Could you copy word for word only the lines between the one containing "智通財(cái)經(jīng" and the end of the listing below, both included, and leave out the pictures?

*** Supplied data ***

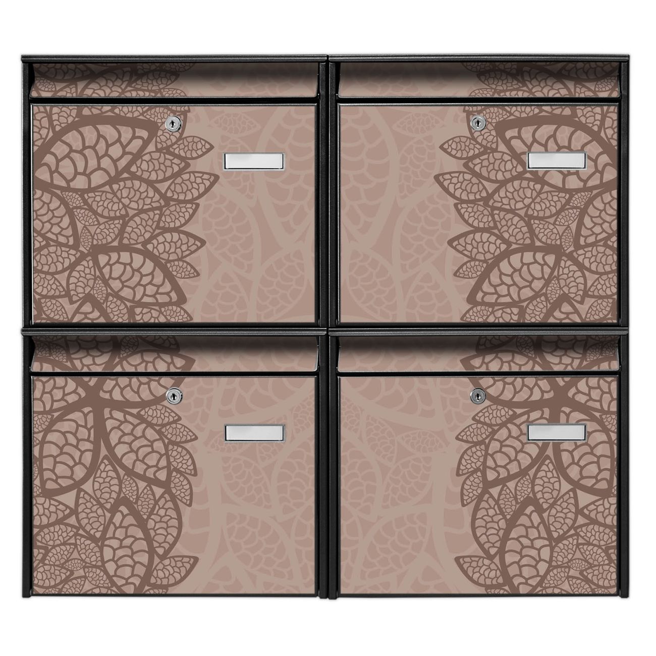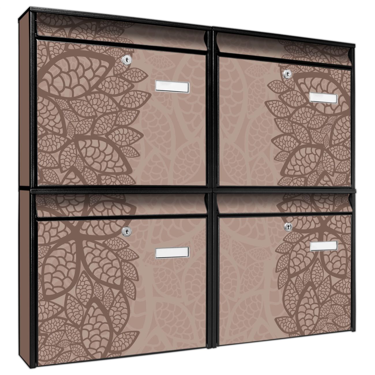 FUNKTION: Die Burg-Wächter Briefkastenanlage mit Motiv Muster Blätter bietet Ihnen ausreichend Fassungsvermögen um auch A4 und C4 Sendungen zu empfangen. Das integrierte Namensschild lässt sich individuell beschriften. Wählen Sie aus den Grundfarben weiß, silber und schwarz. DESIGN: Die 4 Briefkästen haben ein ansprechendes und zeitloses Design, ohne dabei auf Funktionalität zu verzichten. Das Material ist sehr stabil, wetterfest und rostfrei. Durch das Motiv Muster Blätter werden die Postkästen zu einem Blickfang. DETAILS: Die Postkästen bestehen aus verzinktem Stahl der zusätzlich mit Klarlack versiegelt wurde. Die Kästen sind gesamt 64,5cm hoch, 72,5cm breit und 10cm tief. Das Motiv besteht aus einer wetter- und UV-festen Folie, die Ihren Briefkasten zusätzlich vor Kratzern schützt. Die Postkästen werden mit Montagematerial, je einem Namensschild und je zwei Schlüsseln geliefert. NUTZEN: Das Briefkastenset eignet sich für die Wandmontage, die Größe bietet genügend Platz für Sendungen aller Art. Das zeitlose Design sowie die stabile Bauart bieten Ihnen einen treuen Begleiter für Ihre Post. BANJADO:
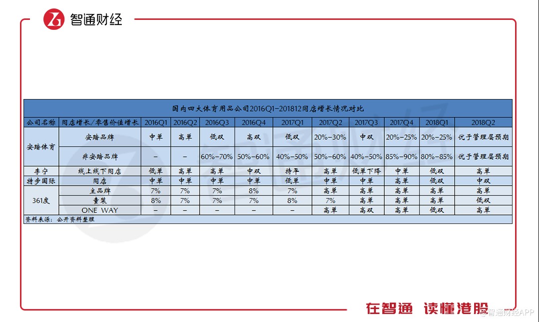 智通財(cái)經(jīng)APP根據(jù)公開(kāi)資料整理發(fā)現(xiàn),特步過(guò)往季度的同店銷售增長(zhǎng)水平時(shí)常保持在中單位數(shù)甚至低單位數(shù)的增長(zhǎng)水平,直到2018年一季度才實(shí)現(xiàn)低雙位數(shù)增長(zhǎng),這也是公司自2013年一季度開(kāi)始披露這一數(shù)據(jù)以來(lái),首次達(dá)到雙位數(shù)增長(zhǎng)。
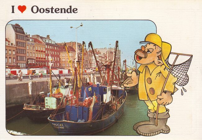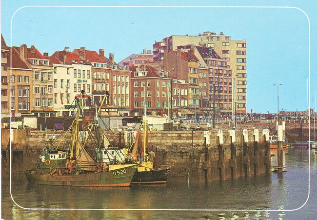 Postkaart AVM A.260. - Op de achtergrond, de Visserskaai. Twee vissersvaartuigen aangemeerd in het Montgomerydok nabij de Vistrap. O.a., de O.520 "Jill" aangekocht in 1978 door Rudy Babaix. In 1981 aangekocht…

*** End of Supplied data ***

Exercise response
 智通財(cái)經(jīng)APP根據(jù)公開(kāi)資料整理發(fā)現(xiàn),特步過(guò)往季度的同店銷售增長(zhǎng)水平時(shí)常保持在中單位數(shù)甚至低單位數(shù)的增長(zhǎng)水平,直到2018年一季度才實(shí)現(xiàn)低雙位數(shù)增長(zhǎng),這也是公司自2013年一季度開(kāi)始披露這一數(shù)據(jù)以來(lái),首次達(dá)到雙位數(shù)增長(zhǎng)。
 Postkaart AVM A.260. - Op de achtergrond, de Visserskaai. Twee vissersvaartuigen aangemeerd in het Montgomerydok nabij de Vistrap. O.a., de O.520 "Jill" aangekocht in 1978 door Rudy Babaix. In 1981 aangekocht…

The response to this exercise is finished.